• TASK TO CARRY OUT: Extract the whole listing as it stands. Do not include the pictures.

• INPUT DATA:

++++++++++

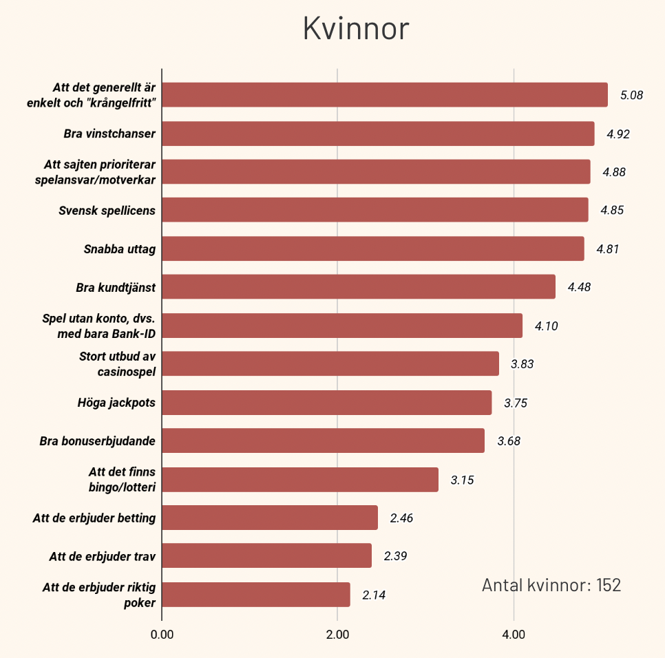 Vi kunde se att kvinnor rankade enkelt spelande samt säkerhetsfunktioner något högre upp än vad männen gjorde. Men vi såg också att de prioriterade bra vinstchanser högre, medan männen prioriterade snabba uttag.
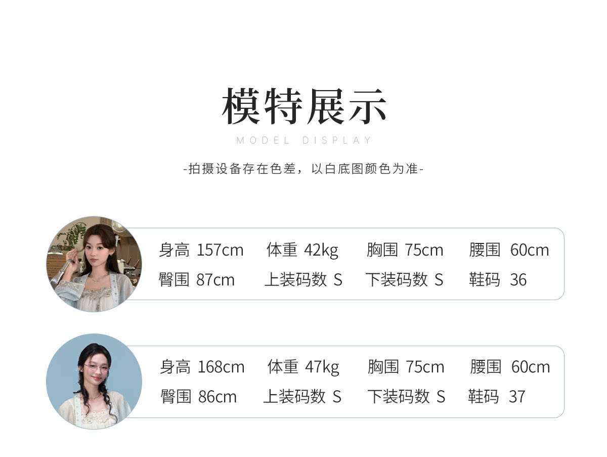 モデル 身長157cm、体重42kg、バスト75cm、ウエスト60cm、ヒップ87cm、試着サイズ:S
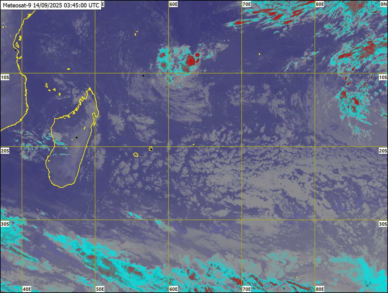 Un courant d'air léger à modéré circule sur notre région, selon un communiqué de la Station météo de Vacoas émis à 04 h 30 ce dimanche 14 septembre 2025. Le ciel sera mi-couvert à l'est, au sud et sur les hauteurs ce matin et au cours de la journée avec des ondées occasionnelles. Beau temps ailleurs. La température maximale sera entre 21 et 23 degrés sur les hauteurs et entre 25 et 28 degrés sur les régions côtières. Essentiellement beau cette nuit. La température minimale sera entre 14 et 16 degrés sur le plateau central et entre 18 et 20 degrés sur le littoral. Le vent soufflera de l'est d'environ 20 km/h. La mer sera agitée au-delà des récifs avec des houles du sud-ouest de l'ordre de 2 mètres.
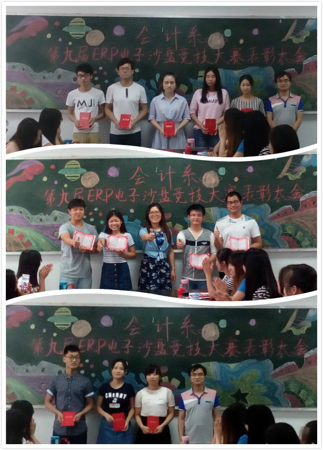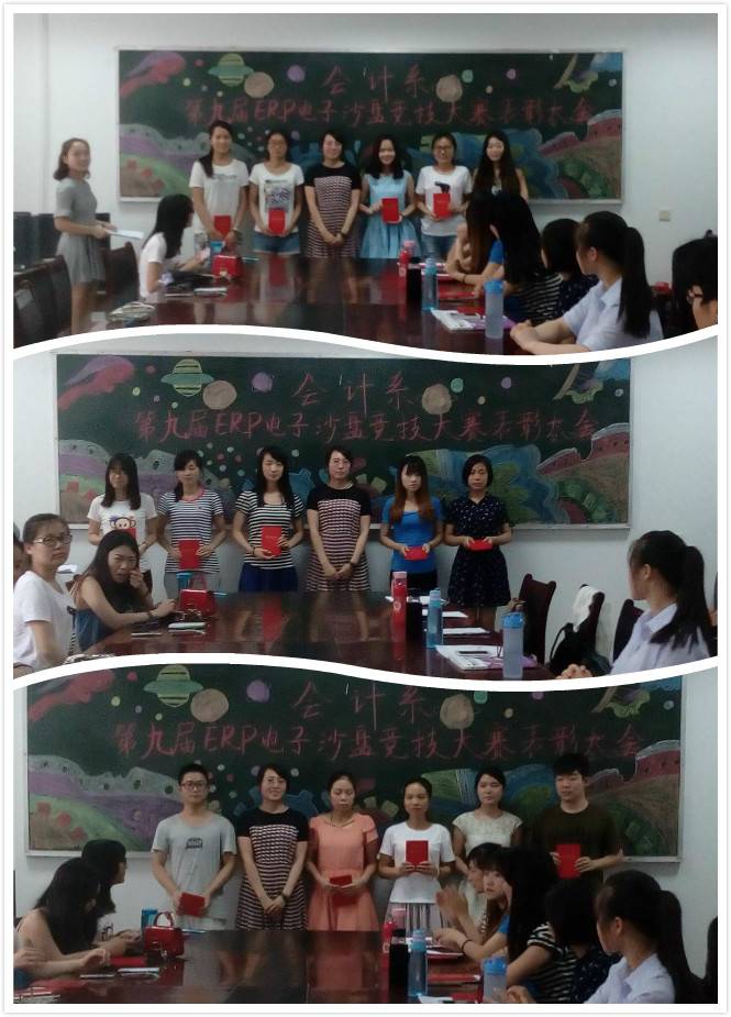 为了表彰在比赛中表现出色的学生,我系于6月22日在教学一号楼114举办了会计系第九届ERP电子沙盘竞技大赛颁奖仪式,此次颁奖仪式中出席的领导和老师有太阳网集团8722副院长兼会计系主任张欣副院长、会计系实践教研室闫本宗和张廷玉张老师,三位老师分别为获得一等奖、二等奖和三等奖的队伍进行了颁奖。

++++++++++

• SOLVED PROBLEM:
 Vi kunde se att kvinnor rankade enkelt spelande samt säkerhetsfunktioner något högre upp än vad männen gjorde. Men vi såg också att de prioriterade bra vinstchanser högre, medan männen prioriterade snabba uttag.
 モデル 身長157cm、体重42kg、バスト75cm、ウエスト60cm、ヒップ87cm、試着サイズ:S
 Un courant d'air léger à modéré circule sur notre région, selon un communiqué de la Station météo de Vacoas émis à 04 h 30 ce dimanche 14 septembre 2025. Le ciel sera mi-couvert à l'est, au sud et sur les hauteurs ce matin et au cours de la journée avec des ondées occasionnelles. Beau temps ailleurs. La température maximale sera entre 21 et 23 degrés sur les hauteurs et entre 25 et 28 degrés sur les régions côtières. Essentiellement beau cette nuit. La température minimale sera entre 14 et 16 degrés sur le plateau central et entre 18 et 20 degrés sur le littoral. Le vent soufflera de l'est d'environ 20 km/h. La mer sera agitée au-delà des récifs avec des houles du sud-ouest de l'ordre de 2 mètres.
 为了表彰在比赛中表现出色的学生,我系于6月22日在教学一号楼114举办了会计系第九届ERP电子沙盘竞技大赛颁奖仪式,此次颁奖仪式中出席的领导和老师有太阳网集团8722副院长兼会计系主任张欣副院长、会计系实践教研室闫本宗和张廷玉张老师,三位老师分别为获得一等奖、二等奖和三等奖的队伍进行了颁奖。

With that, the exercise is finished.